2015-09-10T12:09:36.013230+02:00 pg1 pgpool[5403]: 
check_pgpool_status_by_hb: pgpool 1 (pg2.lan:9999) is in down status
2015-09-10T12:09:39.013361+02:00 pg1 pgpool[5403]: 
check_pgpool_status_by_hb: pgpool 1 (pg2.lan:9999) is in down status
2015-09-10T12:09:42.013493+02:00 pg1 pgpool[5403]: 
check_pgpool_status_by_hb: pgpool 1 (pg2.lan:9999) is in down status
2015-09-10T12:09:42.149978+02:00 pg1 pgpool[5423]: connection received: 
host=1.2.3.4 port=45070
2015-09-10T12:09:42.209415+02:00 pg1 pgpool[5423]: connection closed. 
retry to create new connection pool.
2015-09-10T12:09:45.013617+02:00 pg1 pgpool[5403]: 
check_pgpool_status_by_hb: pgpool 1 (pg2.lan:9999) is in down status
2015-09-10T12:09:45.042853+02:00 pg1 pgpool[5359]: 
connect_inet_domain_socket: getsockopt() detected error: No route to host
2015-09-10T12:09:45.042868+02:00 pg1 pgpool[5359]: 
make_persistent_db_connection: connection to pg2.lan(5432) failed
2015-09-10T12:09:45.042871+02:00 pg1 pgpool[5359]: health check failed. 
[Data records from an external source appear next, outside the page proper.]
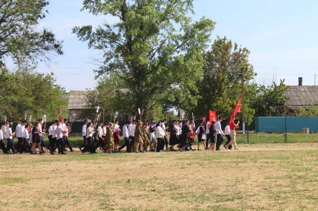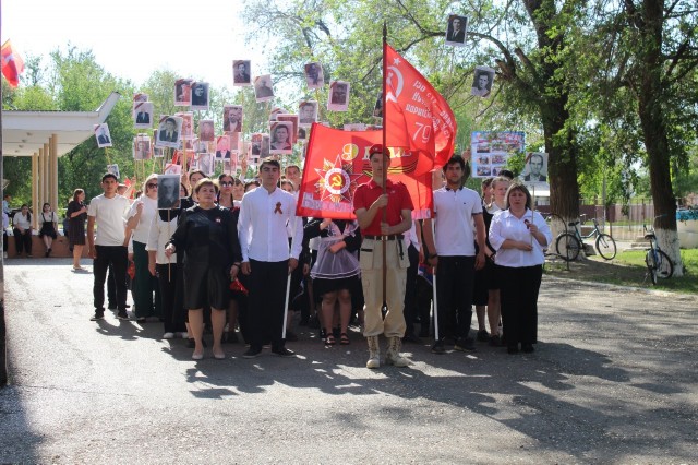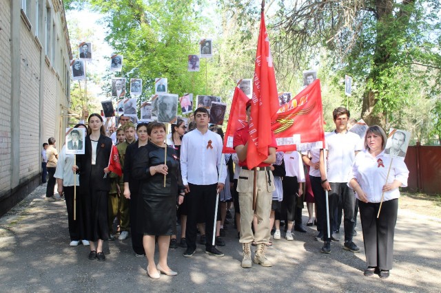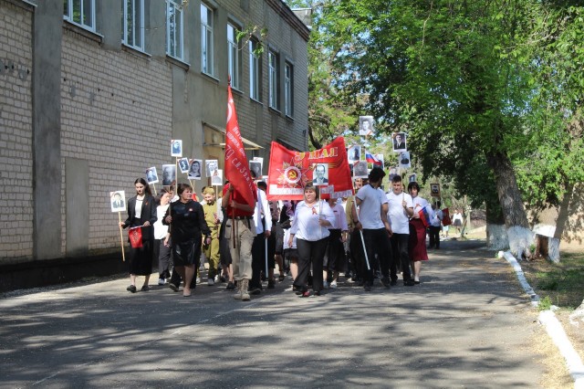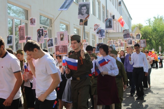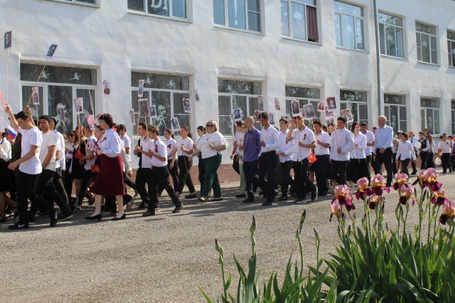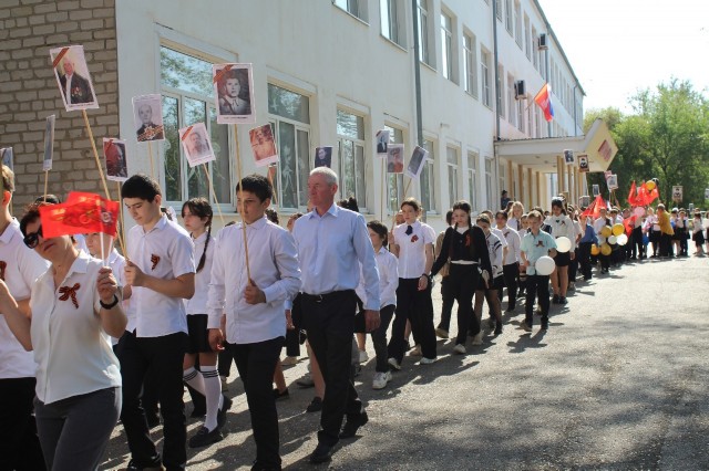 В строю «Бессмертного полка» прошли ученики всех классов, от младших до старших. Вместе с ними – учителя и администрация школы.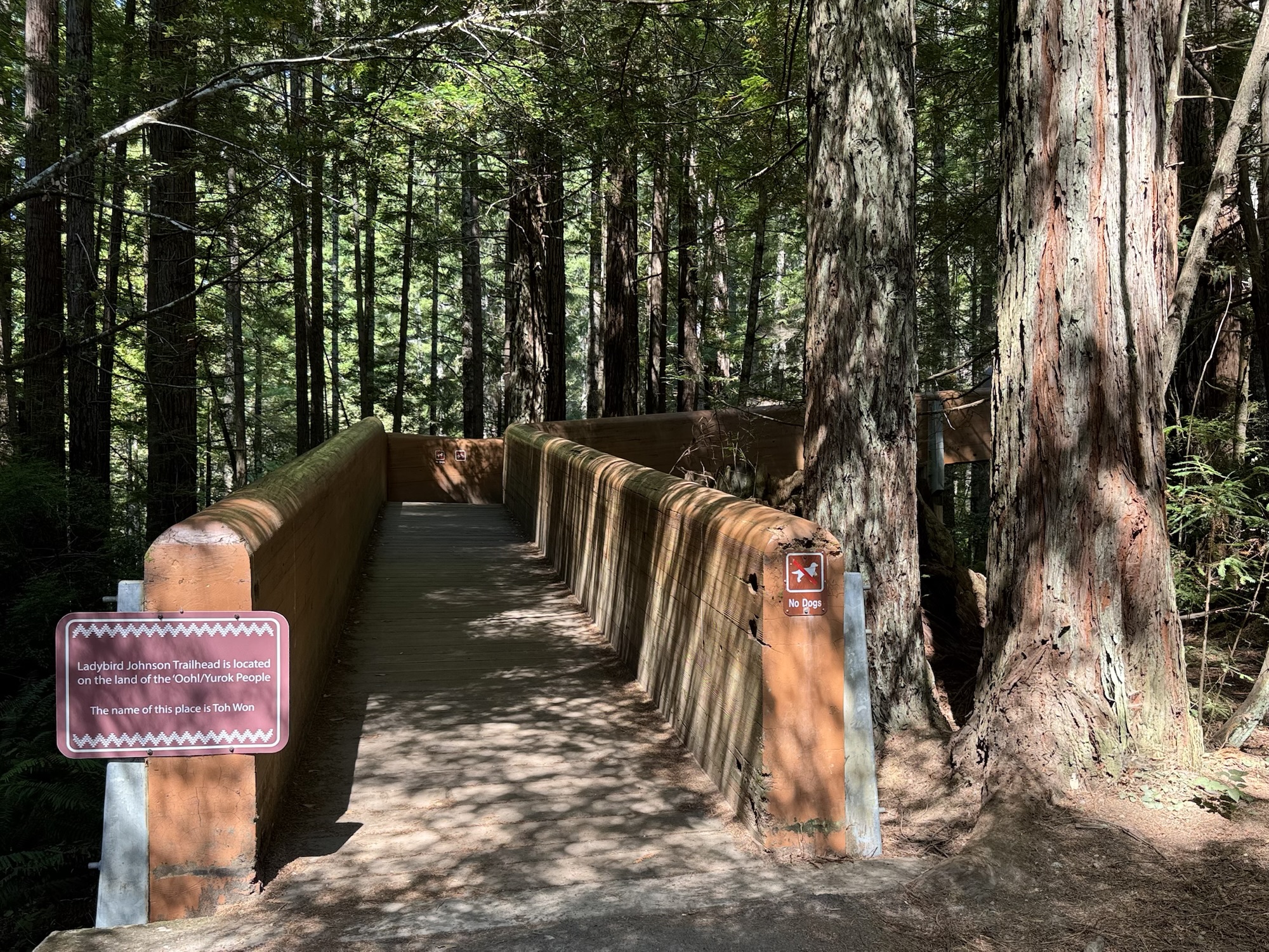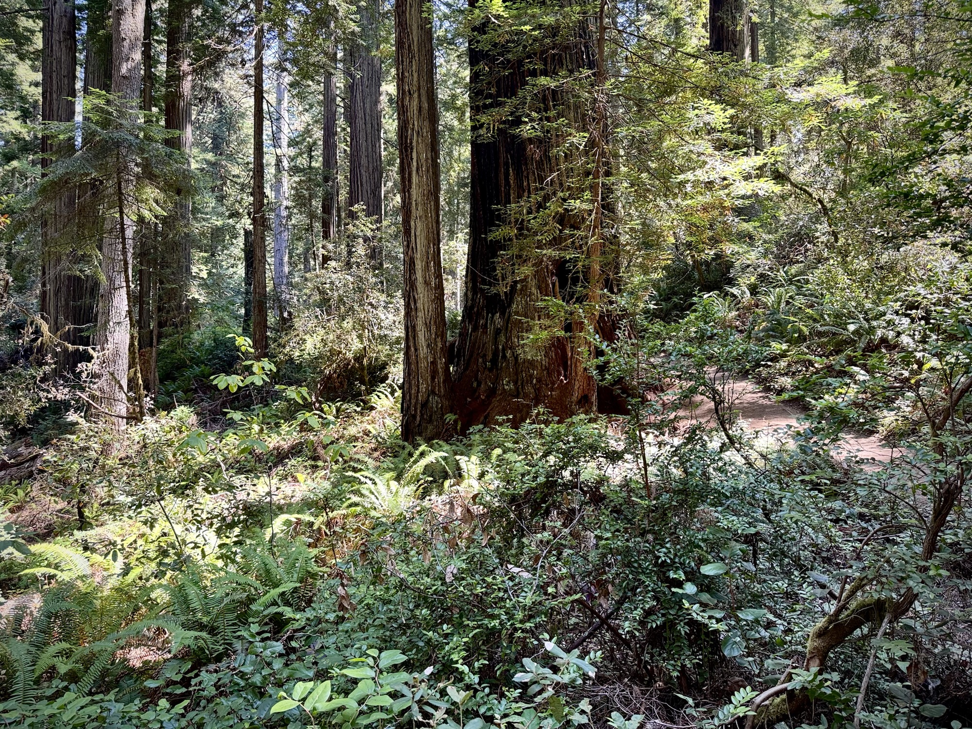 The trail through the Lady Bird Johnson Grove is a 1.5-ish mile loop on mostly flat redwood mulch. This was our first real stop in the Redwoods, so we were still super psyched by every new tree around each corner.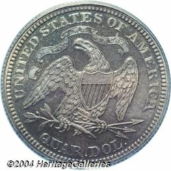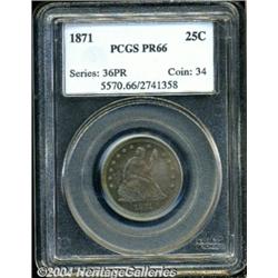 <B>1871<25C> PR66 PCGS.</B></I> Both sides of this proof issue (with a mintage of 960 pieces) are richly toned in steel-blue, violet, lilac, and golden-yellow toning. The design elements are boldly impressed, and no marks of any consequence are apparent on the lovingly preserved surfaces.<BR><I>Ex: Exclusive Internet #21071, (Heritage, 7/01), which realized $2,600.</B></I><BR><I>From the JFS Collection.</B></I> <BR><BR><B>Important notice:</B> Heritage usually auctions material at the rate of 200-250 lots per hour. On some occasions eBay Live bid software or the Internet may not be able to keep up with the pace of the auction. We recommend placing a realistic absentee bid now as insurance to avoid disappointment. Occasionally the auctioneer may eliminate or reject an eBay Live bid, and the auctioneer may also reopen a lot after the close of the eBay live bidding (usually because we missed an audience bid), and may reject your bid even if it shows you as the winning bidder. By bidding via eBay Live, you agree that Heritage may award the lot to another bidder at its sole discretion under the circumstances described above or any other reasonable circumstances. Since eBay bids are not shown to us until we open the lot on the floor, we treat those bids just like floor bids. In most cases the floor responds before the eBay bid is presented to us, due to Internet lag time, so for consistency we have made it a policy that floor bids are always considered first over tie eBay live bids. Also please note that all Heritage lots purchased through eBay Live carry a 20% Buyer's Premium. Please make sure you read the Terms and Conditions before you bid. </span></font></tr></table></td></tr></table>

1 th host pg2.lan at port 5432 is down
2015-09-10T12:09:45.042874+02:00 pg1 pgpool[5359]: health check retry 
sleep time: 10 second(s)
2015-09-10T12:09:48.013745+02:00 pg1 pgpool[5403]: 
check_pgpool_status_by_hb: pgpool 1 (pg2.lan:9999) is in down status
2015-09-10T12:09:48.211788+02:00 pg1 pgpool[5423]: 
connect_inet_domain_socket: getsockopt() detected error: No route to host
2015-09-10T12:09:48.211801+02:00 pg1 pgpool[5423]: connection to 
pg2.lan(5432) failed
2015-09-10T12:09:48.211805+02:00 pg1 pgpool[5423]: new_connection: 
create_cp() failed
2015-09-10T12:09:48.211808+02:00 pg1 pgpool[5423]: new_connection: do 
not failover because fail_over_on_backend_error is off
2015-09-10T12:09:51.013868+02:00 pg1 pgpool[5403]: 
check_pgpool_status_by_hb: pgpool 1 (pg2.lan:9999) is in down status
2015-09-10T12:09:54.013997+02:00 pg1 pgpool[5403]: 
check_pgpool_status_by_hb: pgpool 1 (pg2.lan:9999) is in down status
2015-09-10T12:09:57.014126+02:00 pg1 pgpool[5403]: 
check_pgpool_status_by_hb: pgpool 1 (pg2.lan:9999) is in down status
2015-09-10T12:09:58.099882+02:00 pg1 pgpool[5359]: 
connect_inet_domain_socket: getsockopt() detected error: No route to host
2015-09-10T12:09:58.099899+02:00 pg1 pgpool[5359]: 
make_persistent_db_connection: connection to pg2.lan(5432) failed
2015-09-10T12:09:58.099903+02:00 pg1 pgpool[5359]: health check failed. 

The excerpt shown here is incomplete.